Na opinião da professora, esse aspecto talvez seja um dos responsáveis por um problema vivenciado atualmente nos espetáculos de ópera: a perda de público. “O problema não é o repertório, mas o modo como as montagens são feitas, sem que haja uma preocupação com a encenação das peças. Isso ocorre principalmente no Brasil”, destaca.

Marília trabalhou com o Núcleo Universitário de Ópera (NUO) grupo formado por estudantes de canto lírico de diversas universidades, inclusive da USP. O grupo utiliza uma preparação cênica centrada na preparação do corpo do ator como recurso para a encenação da ópera.

Ao serem entrevistados pela pesquisadora sobre o tema, os integrantes da companhia mencionaram uma falha em sua formação, pois as escolas somente consideram a parte vocal, esquecendo-se da necessidade de se tratar também dos aspectos ligados à encenação e à expressão corporal. Outra questão apontada foi o problema conceitual do que é ópera, pois este conceito interfere no modo como as montagens são feitas. Como ela costuma ser considerada pelo seu aspecto tradicional, somente são levados em conta o cenário e canto.

Richard Wagner

Marília comenta que este conceito tradicional de ópera, ligado ao teatro declamatório, já foi superado há muito tempo a partir das ideias do maestro, compositor, diretor de teatro e ensaísta alemão Richard Wagner (1813 – 1883).

“Na proposta de Wagner, as grandes performances vocais, as árias,  do modo tradicional, dão lugar aos textos recitativos. Surge, com este compositor, um modo particular de utilizar o leitmotiv, que é o motivo musical específico para uma personagem e que poderá ser mais agressivo ou mais doce, dependendo daquilo que se quer passar em relação ao personagem”, explica a professora.

Segundo Marília, a utilização do leitmotiv (motivo condutor) é justamente para fazer com que os recitativos sejam um constante entrelaçamento de temas que simbolizam personagens, sentimentos, objetos. “Wagner concluiu que a forma da ópera poderia ser a chave para uma exploração dramática mais intensa. Desse modo, ele estende o tempo cênico de tal maneira que possibilita ao ator explorar ainda mais a ação corporal”, esclarece, lembrando que o conceito wagneriano de ópera revolucionou o teatro moderno. “Portanto, é de estranhar que as óperas encenadas na atualidade ainda persistam no modo tradicional de encenação”, completa.

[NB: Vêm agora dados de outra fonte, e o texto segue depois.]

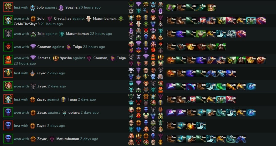Капитан Virtus.pro Алексей «Solo» Березин сыграл 3 матча в паблике на саппорте четвертой позиции в пати с оффлейнером.

Além das entrevistas, Marília também analisou vídeos com a performance dos alunos do Núcleo Universitário de Ópera e de encenações de óperas de grandes nomes europeus. “Havia cenas incríveis, com os cantores deitados no chão ou em posição fetal, e com uma emissão vocal perfeita”, diz. Esse material videográfico foi encaminhado para análise de professores de canto lírico. Eles constataram que mesmos nas situações corporais limite não havia nenhum prejuízo para o canto.

A pesquisa “O corpo na Ópera” foi realizada entre 2011 e 2012 com financiamento da Fundação de Amparo à Pesquisa do Estado de São Paulo (Fapesp).

O Núcleo Universitário de Ópera (NUO) existe desde 2004 e reúne cerca de 30 alunos de canto lírico da USP, Universidade Estadual Paulista (Unesp) e Universidade de Campinas (Unicamp), além de cerca de 30 instrumentistas.